1.1. Realistic Features and the Main Aim of this Article

As a result of rapid industrialization and population concentration in urban areas, the total carbon emissions of China have increased in recent decades, accounting for about 30% of the world’s carbon dioxide emissions. Being the highest emitter in the world [4], China submitted the Chinese Intended Nationally Determined Contributions (INDCs) to the Paris Agreement, which commit to peaking its emissions by 2030, with a 60–65% reduction in intensity compared to 2005.
The specific sector that performs most prominently during economic booms is the construction industry, which is both the physical cornerstone of industrial investment and consumer demand expansion, and a barometer of their rise and fall. Construction can be classified into six categories, including productive construction and non-productive construction: residential, manufacturing, infrastructure, commercial, public, and other buildings. As a result of the traditional construction industry’s crude development methods, construction has become characterized by high energy consumption, low utilization, and high emissions. It was proposed at the 21st United Nations Climate Change Conference (COP21) that the energy consumed by buildings throughout their whole life cycle constitutes 30% of global energy consumption. The construction industry is one of the major sources of carbon emissions, particularly in China—an emerging economy—so this article focuses on this energy-intensive industry.
The Chinese economy has been recovering slowly from the global financial crisis, and has entered a “new normal”—a new phase of economic development accompanied by various structural transformations. In the process of China’s promotion of ecological civilization construction and high-quality socioeconomic development, green finance is an important driving force for the green development of the economy. In June 2017, the Standing Committee of the State Council decided to build pilot zones for green financial reform and innovation in five provinces and regions.
Green finance policies contain all aspects of government and financial sectors’ indicators related to emissions reduction and environmental protection, including governmental guiding regulations and incentive-based voluntary covenants. Assuredly, the green finance policies have the functions of resource allocation and project filtering of finance itself, restricting the high-emission development mode of the traditional construction industry.
According to the statistical data from the National Bureau of Statistics of China, the China Statistical Yearbook, and the China Energy Yearbook, the carbon emissions of the construction industry and the development level of green finance in 30 provinces from 2001 to 2019 are exhibited in Figure 1. The steady growth trend of green finance is roughly the same in the 30 provinces, among which Beijing, Shanghai, Jiangsu, and Zhejiang have the highest growth rates.
However, the changes in construction industry carbon emissions vary widely among the 30 provinces. Overall, construction industry emissions in all provinces have generally experienced a continuous rise, growing in tandem with green finance. However, as green finance exceeds a certain level, the growth rate of emissions in many provinces—such as Hunan, Anhui, Yunnan, Fujian, Gansu, and other provinces—has begun to slow down. There are even some provinces where the carbon emissions have reached an inflection point, showing a declining trend, such as Beijing, Hebei, Hubei, Liaoning, Shandong, Tianjin, Zhejiang, Shanghai, and other provinces or regions. We therefore expect high levels of green finance to help curb the construction-related carbon emissions.

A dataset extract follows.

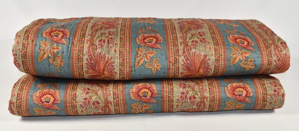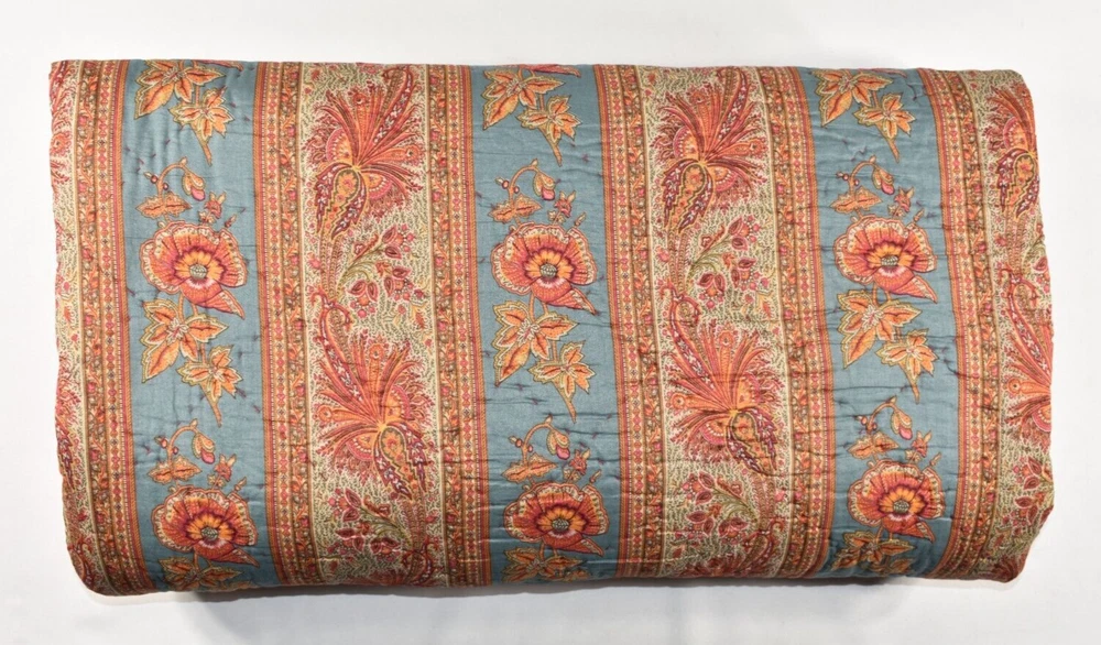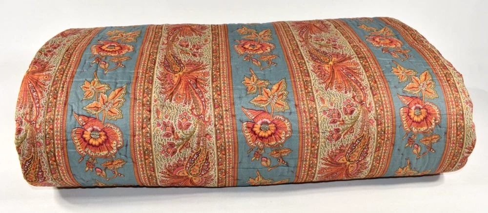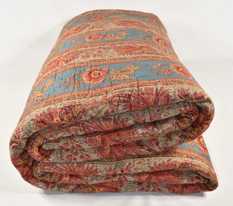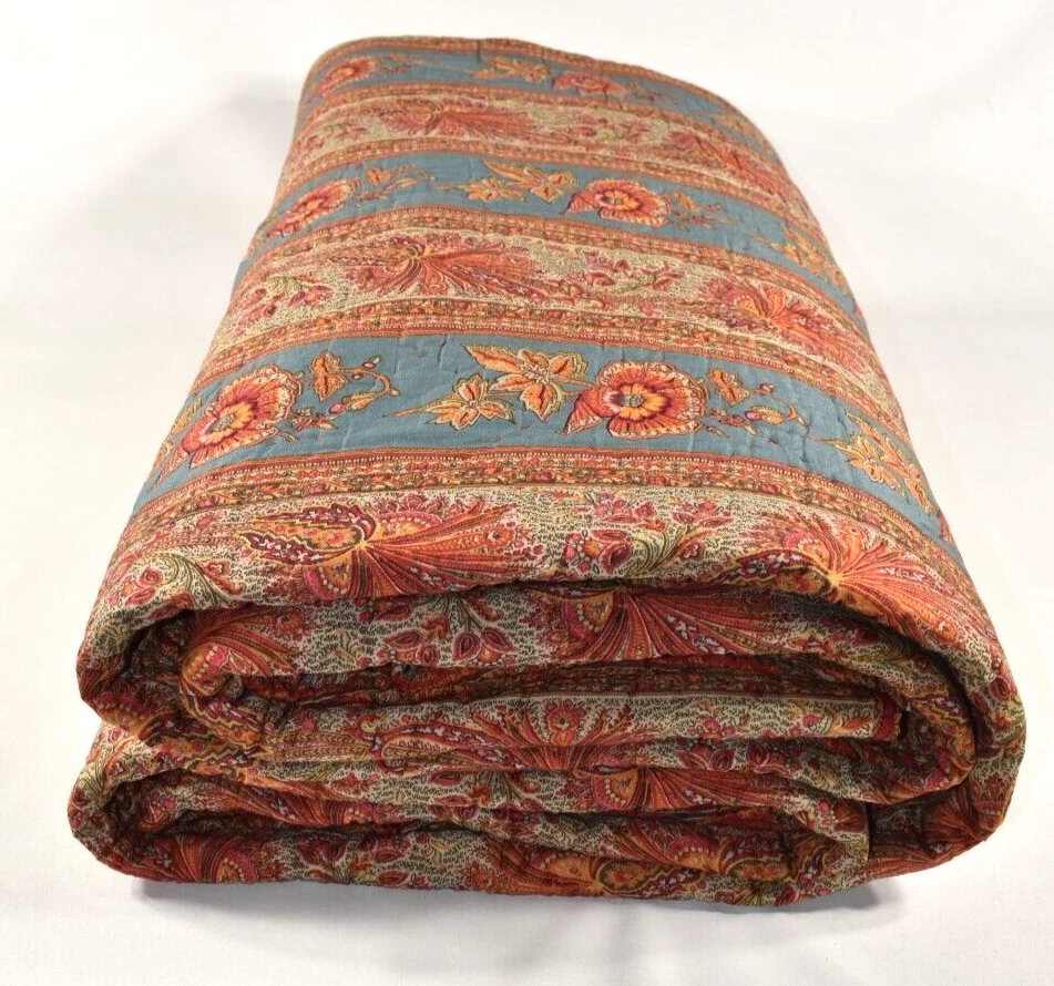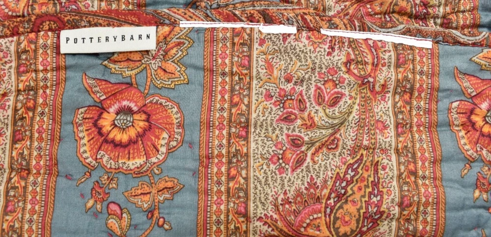 Pottery Barn Lara Paisley Floral Stripe Reversible Full Queen Quilt Coverlet Size: Full/Queen - Approximately 92" long x 90" wide. Condition: Very good, clean, gently used condition. No rips, stains or holes. Quilt is on the lighter-weight side. Please see all photos and entire Description section for any additional information. Color: Multicolor Full/Queen: 92" l x 90" w Reverses to coordinating print. Machine wash. Buyer pays $19.90 shipping. Thanks so much!

1.2. Core Explanatory Variables: Government and Financial Sector Regulations

Calculated by the entropy method using the following sub-indices in Table 1, we derived the environmental regulation index—the Green Finance Index (GreenF)—at the provincial level. GreenF is a comprehensive index of government and financial sector indicators related to emissions reduction and environmental protection. The raw data of province-level sub-indices are derived from the China Statistical Yearbook, the Provincial Statistical Yearbook, and the China Insurance Yearbook.
Entropy is capable of providing an objective basis for the comprehensive evaluation of multiple indicators. As a measurement of uncertainty and dispersion, it conforms to mathematical laws, and has a strict mathematical connotation. Using the information entropy instrument, the entropy method calculates the weights of each indicator based on its degree of variation. This study adopts the entropy value method to weight the above positive and negative indicators, distilling and summarizing the degree of incentives and restrictions on emissions in each province. In short, the GreenF variable is comparable, and effectively reflects levels of green governance across provinces.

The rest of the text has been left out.